My favorite preceptor makes mistakes. She’s an ob-gyn in a rural area, where a lot of her patients have made mistakes too. There’s the woman on methadone maintenance who keeps miscarrying, who worries that the pain pills she abused through her adolescence have made her body too beleaguered to bear a child. And the woman who came to the hospital after a meth binge made her bleed so much she thought she’d lost the pregnancy. My preceptor’s mistakes aren’t on the same plane as those of her patients, but she owns them just as ardently as they own theirs. “I don’t know,” she says frequently, “I’ll need to look that up. I misspoke, I was wrong, I’m sorry.”
I have a different preceptor who is flawless. When a patient’s A1C is 7.1, she intensifies their medications to get them to 7. A calcium slightly above normal will get a full parathyroid workup. I don’t think she has ever struggled with the problems her patients experience—alcoholism, smoking, excess weight—and if she has, she would never tell.
I’ve seen professionalism done many different ways, and I’ve been trying to figure out who I want to be when I walk into a patient’s room. On one hand, you have the physician in the billowing white coat, whose healing power rests in part in the confidence patients have in him. On the other, you have a human being who just happens to know more about the human body than you do. Infallibility versus empathy. Perfection versus vulnerability. Sometimes you need to wear the white coat; people need answers, and they want to hear them from someone who knows what they’re talking about. Knock on the door. Shake their hand. Nod empathetically. Don’t tell them that you share their problems—it won’t engender confidence, it’s not the right time, it’s not about you.
But sometimes patients come in and make themselves so vulnerable that it seems unfair not to give anything of your own back to them. In the past week, I’ve had two patients who have made me wonder who I’m supposed to be.
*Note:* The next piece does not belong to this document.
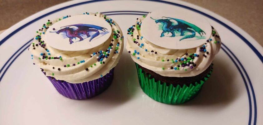 PERFECT!! I only use edible decorations on my cupcakes, especially for kids and was at a loss on how I would do "dragons"....and in the colors that I needed!!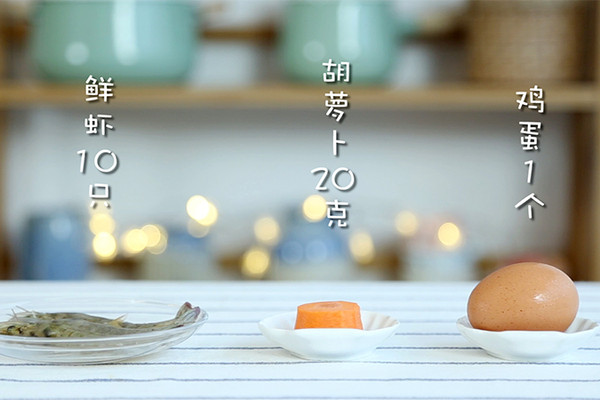 胡萝卜和鲜虾一起放入辅食机中搅打细腻。 PS:这一步可不要加水搅拌哦,否则虾泥太稀会粘合不住的。

One man came in because he was trying to stop drinking. When I asked why he couldn’t quit, I was blown away by the degree to which he shared. “I drink to help me be around other people. I drink because I can’t handle the anxiety. I’m sorry I can’t quit, I’m sorry I never come in for follow-up. I’m sorry to be taking so much of your time.” When I tried to normalize his feelings, he said no, not everyone is like this, and he told me that I seemed well-adjusted. I didn’t say that I’ve thought those thoughts too, or that I cover my cheeks when I feel the heat rising from them, or that I have to keep myself from overanalyzing every conversation. All I gave him for pouring out 40 years of psychological suffering was the reassurance that he’d be shocked by the burdens people carry, and that I seemed well-adjusted was because I was the one wearing the white coat.
But there was another patient where I had to take the white coat off. I’d met her a few times in other clinical settings, where she always looked so put-together, laughing and joking with us. I was surprised to see her in the psychiatrist’s office one afternoon. When she opened up about the eating disorder she’s battled since she was 17, listed all the medications that have failed to quell her self-immolation, described a family that’s too perfect to acknowledge the streak of suicides and anorexia, and admitted that she stops seeing therapists as soon as they delve into the psychological underpinnings of her eating disorder, I didn’t know what to say. So there she sat, holding the pen and intake clipboard tight through our hour-long conversation like some kind of shield against the secrets she shared with self-deprecating laughter and tears. Was it appropriate to let some of my own secrets show? When she wasn’t sure about her antidepressant dosage, was I hogging the limelight by asking what the pill looked like, then acknowledging that I knew the dose because that’s the one I take too?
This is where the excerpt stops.